* [EXERCISE OBJECTIVE] Exactly the lines below, starting with the one containing "Their next favorite" and going on through the one containing "Tulbaghia violacea ‘Society", must be reproduced, both ends included, and no pictures with them.
# # # #
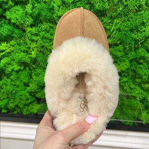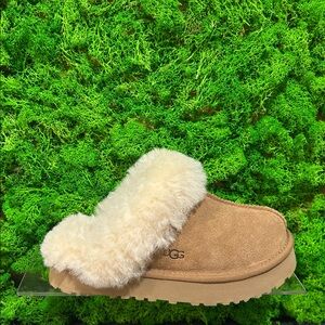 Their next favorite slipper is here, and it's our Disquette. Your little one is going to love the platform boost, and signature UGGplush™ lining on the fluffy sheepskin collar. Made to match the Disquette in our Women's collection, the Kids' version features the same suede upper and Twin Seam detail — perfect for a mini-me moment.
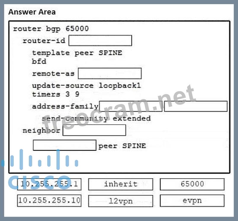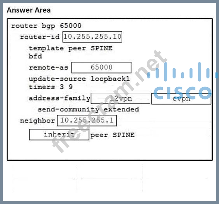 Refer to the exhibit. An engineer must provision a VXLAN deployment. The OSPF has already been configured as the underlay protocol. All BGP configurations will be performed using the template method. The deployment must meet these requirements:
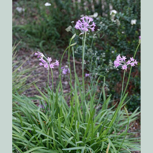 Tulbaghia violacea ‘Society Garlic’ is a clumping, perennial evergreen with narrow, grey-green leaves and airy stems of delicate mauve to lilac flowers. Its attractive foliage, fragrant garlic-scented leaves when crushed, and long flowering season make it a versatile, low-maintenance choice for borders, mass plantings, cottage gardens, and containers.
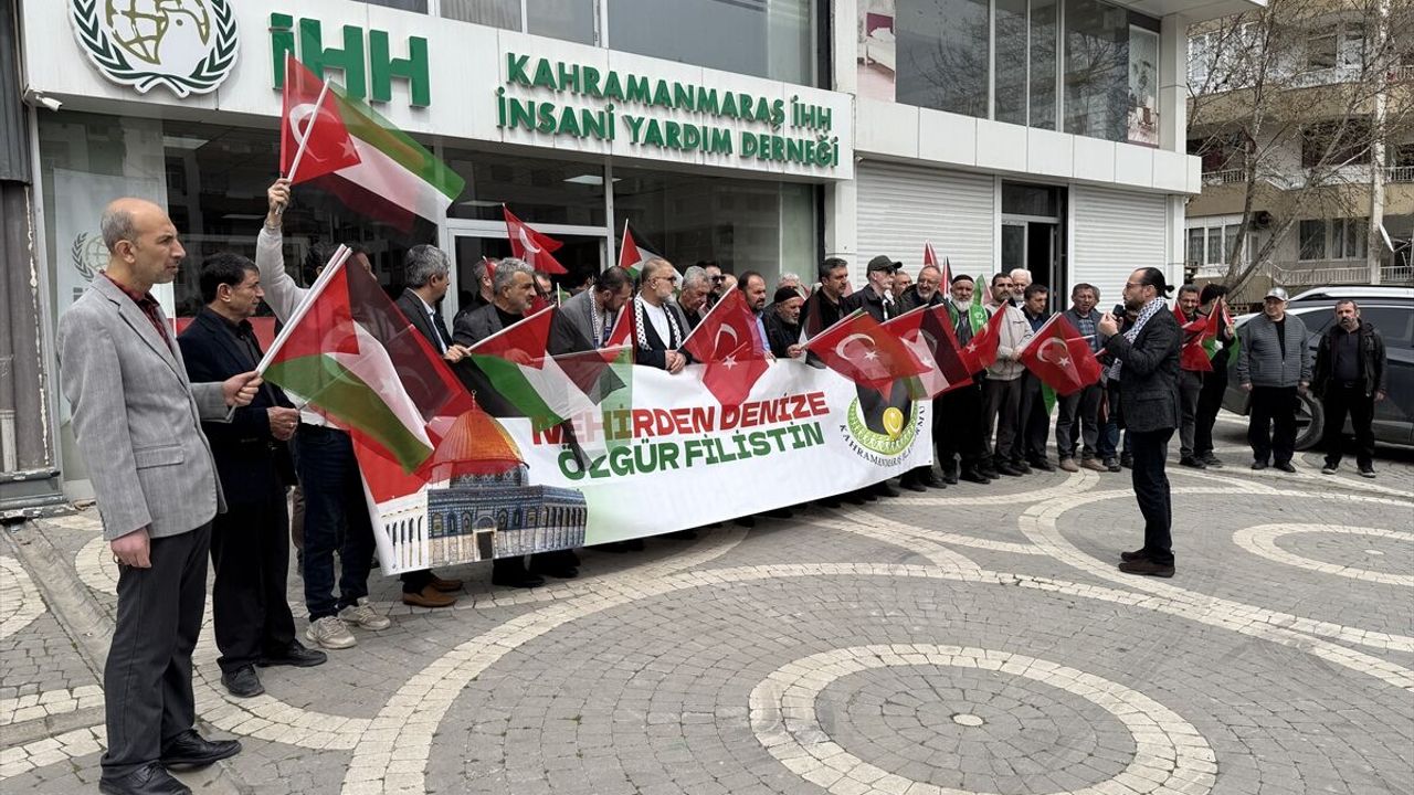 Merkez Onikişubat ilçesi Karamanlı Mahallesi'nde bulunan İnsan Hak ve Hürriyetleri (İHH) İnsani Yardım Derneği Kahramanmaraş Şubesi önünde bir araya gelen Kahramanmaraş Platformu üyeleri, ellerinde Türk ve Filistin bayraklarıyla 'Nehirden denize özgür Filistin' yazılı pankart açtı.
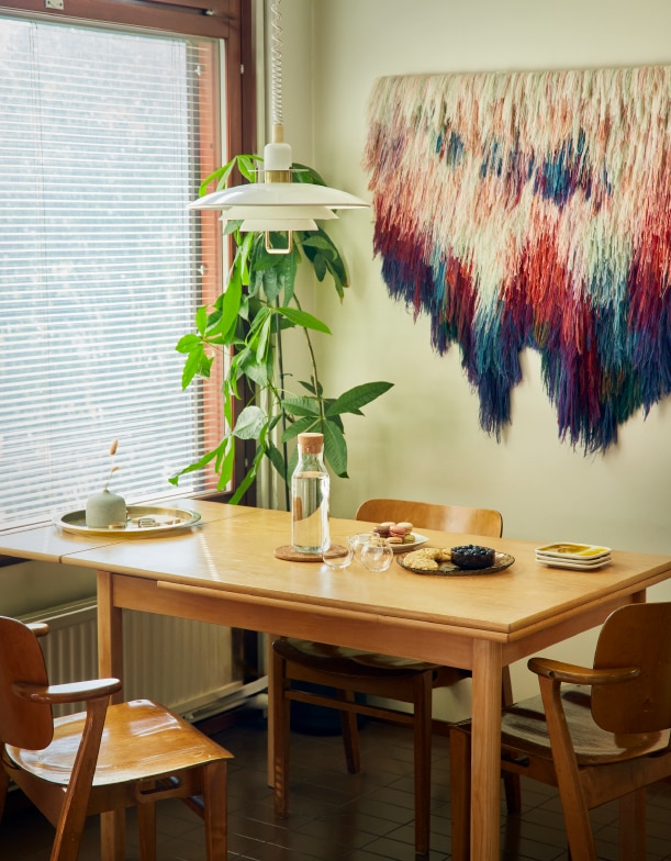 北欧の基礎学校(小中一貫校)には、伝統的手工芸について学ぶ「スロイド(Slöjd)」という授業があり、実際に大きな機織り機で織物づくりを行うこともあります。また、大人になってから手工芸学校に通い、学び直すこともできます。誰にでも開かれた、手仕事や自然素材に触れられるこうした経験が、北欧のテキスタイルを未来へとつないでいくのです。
# # # #
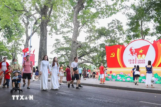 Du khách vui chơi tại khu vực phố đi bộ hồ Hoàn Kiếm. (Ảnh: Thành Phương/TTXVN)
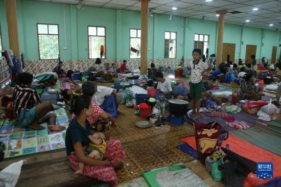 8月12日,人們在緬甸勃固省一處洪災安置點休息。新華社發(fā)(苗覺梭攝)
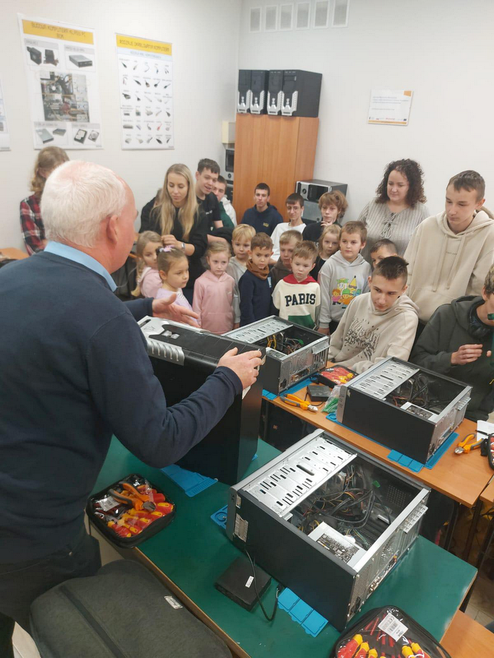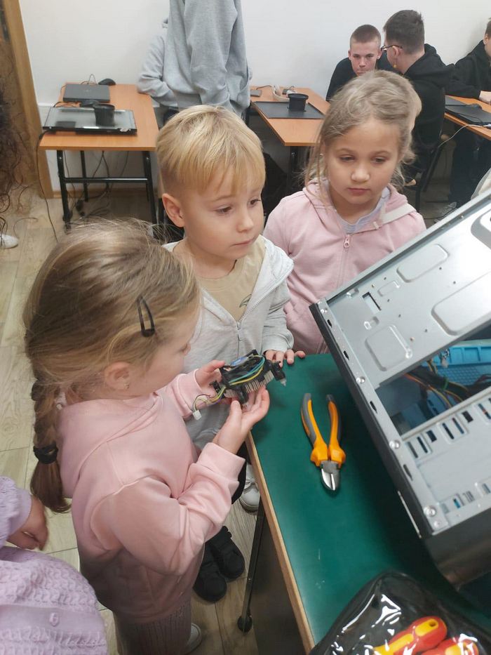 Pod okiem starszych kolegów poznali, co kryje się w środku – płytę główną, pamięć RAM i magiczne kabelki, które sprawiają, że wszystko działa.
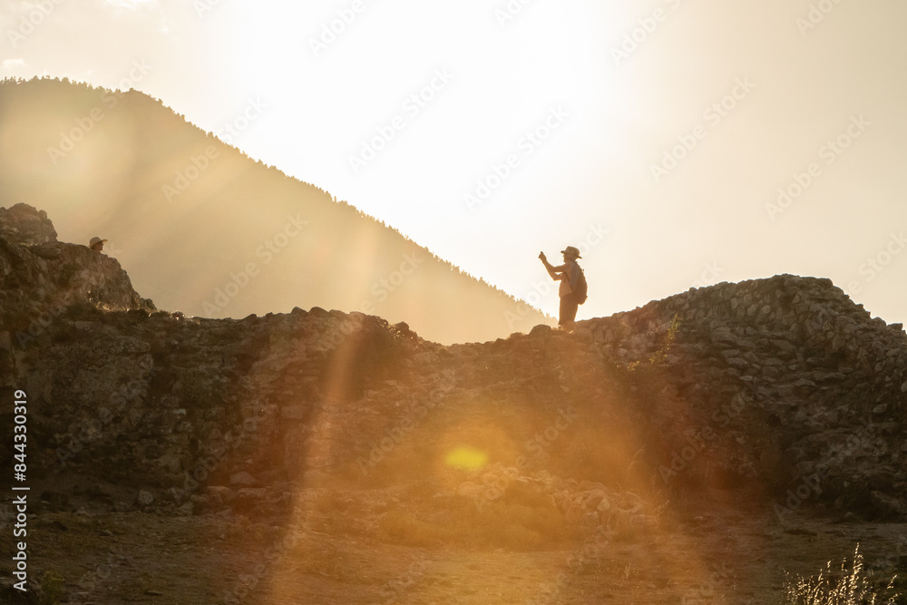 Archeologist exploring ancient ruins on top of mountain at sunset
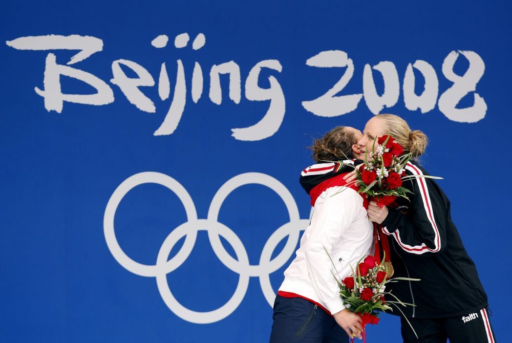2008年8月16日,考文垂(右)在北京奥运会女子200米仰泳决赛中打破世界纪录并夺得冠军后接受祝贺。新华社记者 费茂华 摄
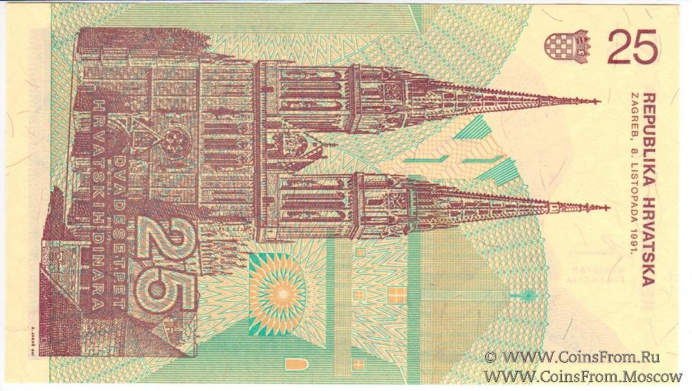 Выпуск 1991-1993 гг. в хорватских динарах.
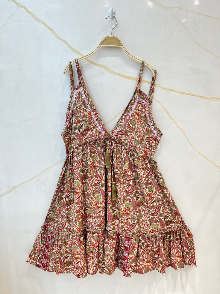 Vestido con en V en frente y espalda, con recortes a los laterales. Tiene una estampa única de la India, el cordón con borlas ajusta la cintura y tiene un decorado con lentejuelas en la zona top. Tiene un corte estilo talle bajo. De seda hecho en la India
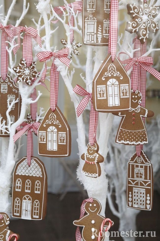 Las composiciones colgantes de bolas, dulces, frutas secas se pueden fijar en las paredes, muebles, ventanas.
# # # #
* [EXERCISE SOLUTION]
 Their next favorite slipper is here, and it's our Disquette. Your little one is going to love the platform boost, and signature UGGplush™ lining on the fluffy sheepskin collar. Made to match the Disquette in our Women's collection, the Kids' version features the same suede upper and Twin Seam detail — perfect for a mini-me moment.
 Refer to the exhibit. An engineer must provision a VXLAN deployment. The OSPF has already been configured as the underlay protocol. All BGP configurations will be performed using the template method. The deployment must meet these requirements:
 Tulbaghia violacea ‘Society Garlic’ is a clumping, perennial evergreen with narrow, grey-green leaves and airy stems of delicate mauve to lilac flowers. Its attractive foliage, fragrant garlic-scented leaves when crushed, and long flowering season make it a versatile, low-maintenance choice for borders, mass plantings, cottage gardens, and containers.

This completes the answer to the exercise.